Records provided
=== Begin Enclosure ===

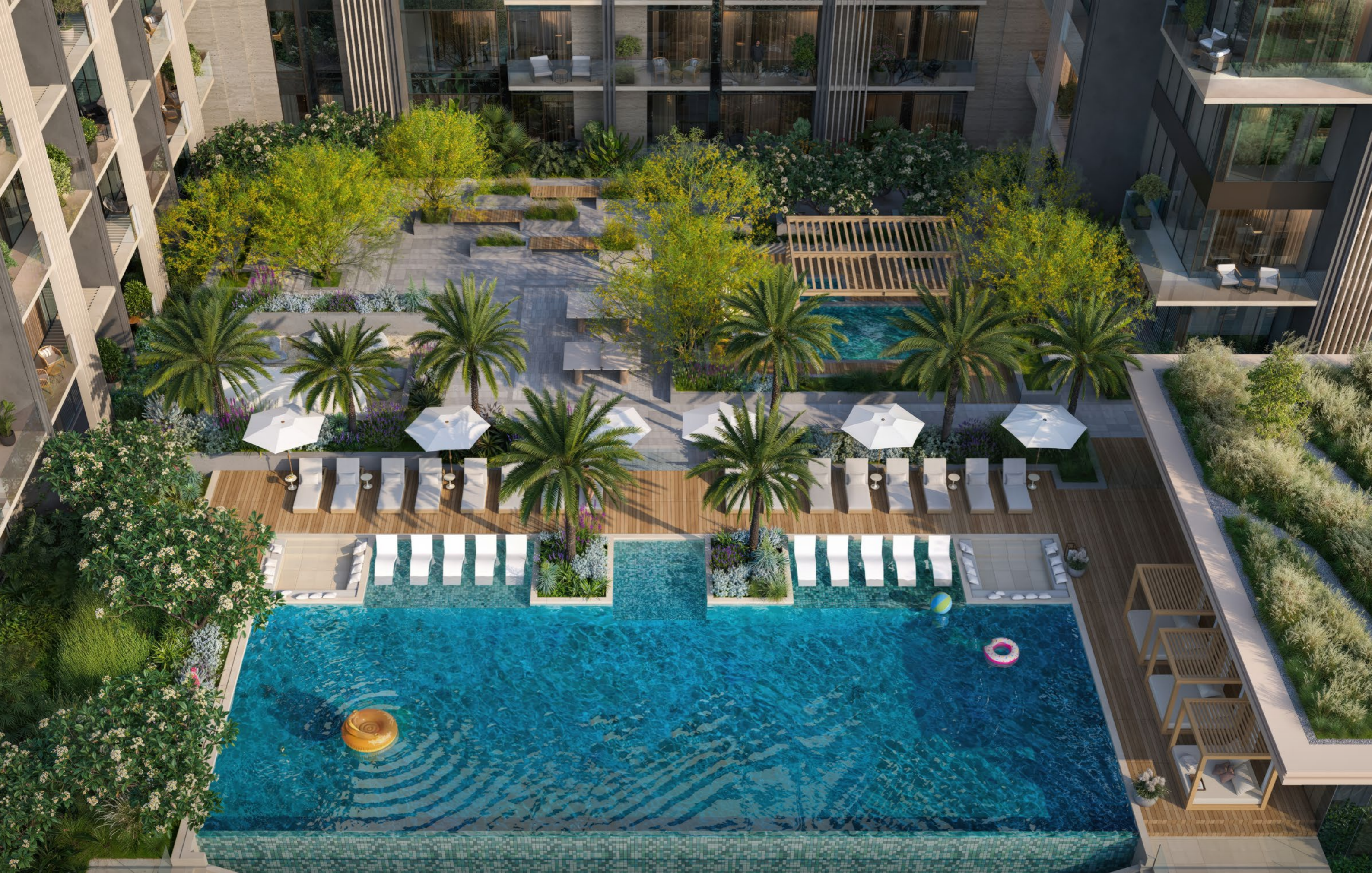
Harmonising Nature and Water
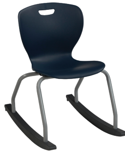
Z28RG - Zed Rocker Chair Gray Powder Coated Frame*
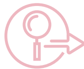
Managed Detection & Response
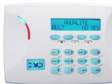
Blue Backlighting for Normal State
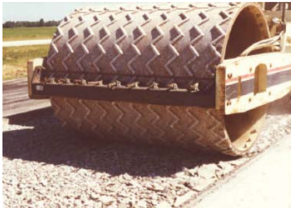
Figure 4: Z-Pattern Steel Grid Roller

A Z-Pattern Steel Grid Roller , with Z-shaped steel treads, follows the MHB to break flat and elongated particles into a more cubicle shape.
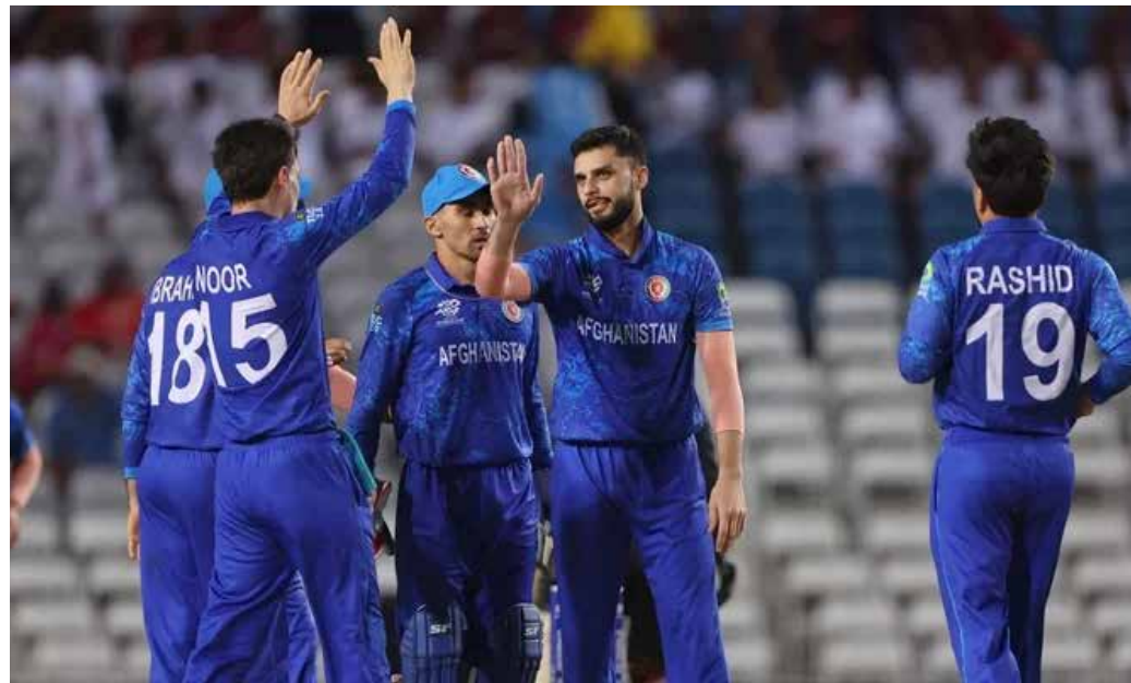
Doriga was the highest score for PNG with 27 runs in 32 balls. Pacer Fazalhaq Farooqi was the pick of the bowlers for Afghanistan

WASHINGTON: Afghanistan defeated Papua New Guinea on Friday by seven wickets at the Brian Lara Stadium, Tarouba, Trinidad, during the ongoing T20 World Cup 2024. The win helped Afghanistan qualify for the Super 8 while also eliminating New Zealand from the T20 World Cup. Chasing a modest target of 95 runs, Afghanistan reached home in 15.1 overs for the loss of three wickets. Openers Rahmanullah Gurbaz (7) and Ibrahim Zadran (0) were dismissed early but Gulbadin Naib scored an unbeaten 49 runs in 36 balls, with the help of four fours and two sixes, to take his side over the line. Earlier, a clinical bowling display helped Afghanistan dismiss PNG for only 95 runs in 19.5 overs. PNG quickly slipped to 17-4 in the fourth over of the innings which severely dented their chances of posting a competitive total on the board. Wicketkeeper-batter Kiplin
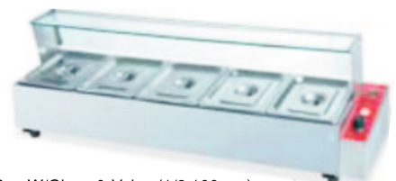
5 Pan W/Glass & Valve (1/2 100mm) Size: 1450x350x360mm Power: 1.8 Kw
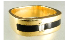
Lot # 437
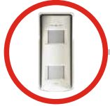
External Detectors Protecting the perimeter
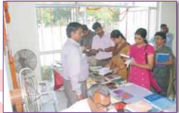
ICPR Fellows buying ICPR Publications
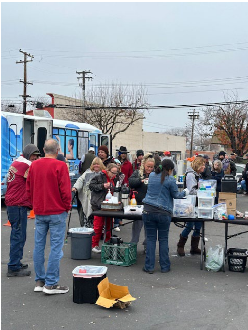
Shower Shuttle Clients
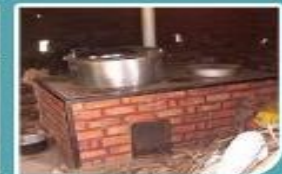
Institutional Cook Stoves

Activities: Training, Consultancy, Research, Community Development & Technology Deployment
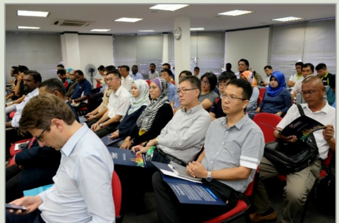
The participants attended for the talk

=== End Enclosure ===

From the data above, return exactly the lines from the one with "Blue Backlighting for Normal State" up to and including the one with "Doriga was the". Pictures do not go in the copy.

Blue Backlighting for Normal State
Figure 4: Z-Pattern Steel Grid Roller

A Z-Pattern Steel Grid Roller , with Z-shaped steel treads, follows the MHB to break flat and elongated particles into a more cubicle shape.
Doriga was the highest score for PNG with 27 runs in 32 balls. Pacer Fazalhaq Farooqi was the pick of the bowlers for Afghanistan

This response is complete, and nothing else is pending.